A WEEK of many wonderments. For instance, I learn that the dot over the top of an i is called a tittle - therefore tiny, inconsequential small talk is tattle that is tittle.
I learn that because so many people now dine al-desko, the average desktop contains 400 times as many bacteria as a toilet seat.
Radio 4 tells me that it is still legal to shoot a Welshman with a longbow within Durham Cathedral on a Sunday, and a Liberal Democrat on BBC2's Newsnight informs me that the only three legislatures in the world whose meetings are not open to the Press are those of the North Korean government in Pyongyang, the Cuban government in Havana, and the European Council of Ministers in Brussels.
In Scotland, I note that a human cannonball has been fired from his job in a circus because he is afraid of flying, and, in researching a wartime article I discover that the German unconditional surrender was signed using brown Parker fountain pens that General Dwight D Eisenhower had had in his pocket ready for the purpose ever since he landed in North Africa a couple of years earlier. Eisenhower wasn't actually at the signing, but sent his pens along instead.
The same research also revealed that just after the war there was a camp for displaced persons at Villa Real on the edge of Consett - a place I, in my astounding ignorance, had never heard of before. Great name, though.
The next day, the headteacher of Villa Real Special School, Fiona Wood, is awarded an OBE in the Queen's Birthday Honours, and in the following day's paper there is a report about a youth from Villa Real appearing in court.

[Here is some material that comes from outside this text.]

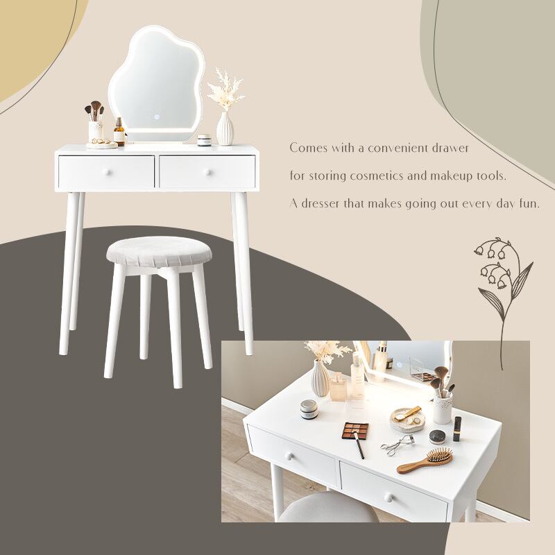 LEDの女優ライト付きのドレッサー。ホワイトのシンプルな本体に特徴的なウェーブミラーを合わせた大人可愛いデザインが魅力的。たっぷり収納ができて、一緒に使えるスツール付と使い勝手も優れています。

Easily intrigued, I call the school. They answer the first question on picking up the phone. "Villa Real school", they say, and not "Villa Re-al" as in "Re-al Madrid" football club. Nevertheless, staff there wonder if the name came from a Spanish family who moved into a large-ish house there 100 years ago.
But, even in Spain, 100 years ago there was no "Real". The football club - the most successful in the world in the last century, according to FIFA's rankings - was formed in 1902 by Englishmen who called it plain old Madrid FC. It wasn't until King Alfonso XIII took a shine to the club in 1920 that the "Re-al" bit was added.
"Re-al", of course, means "royal" in both English and Spanish: it's a shortening of the Latin word "regal".
Fortunately, in Monday's paper there was an article about Pocket Images of Consett, a new book compiled by Derwentdale Local History Society. They'd be able to explain.
"The definitive and exact explanation escapes me," says Society secretary Tommy Moore.
Consett, he says, was a small hamlet of 190 people when Queen Victoria came to the throne in 1837. Between 1839 and 1841, No 1 pit was sunk and iron ore and coal was discovered. Within ten years, Consett's population had exploded to an industrial 7,500.
Villa Real is just round the corner from No 1. Tommy describes the properties at Villa Real as "quite distinguished", certainly more substantial than those built for the average pitman. Perhaps the developer wished to make them even more appealing to managers by giving them a royal name as a touch of class.
As Tommy talks, I make notes. I write Villa Real's initials, VR, which also, of course, stands for Victoria Regina.
Is that the end of the real mystery, or is just more idle tittle-tattle?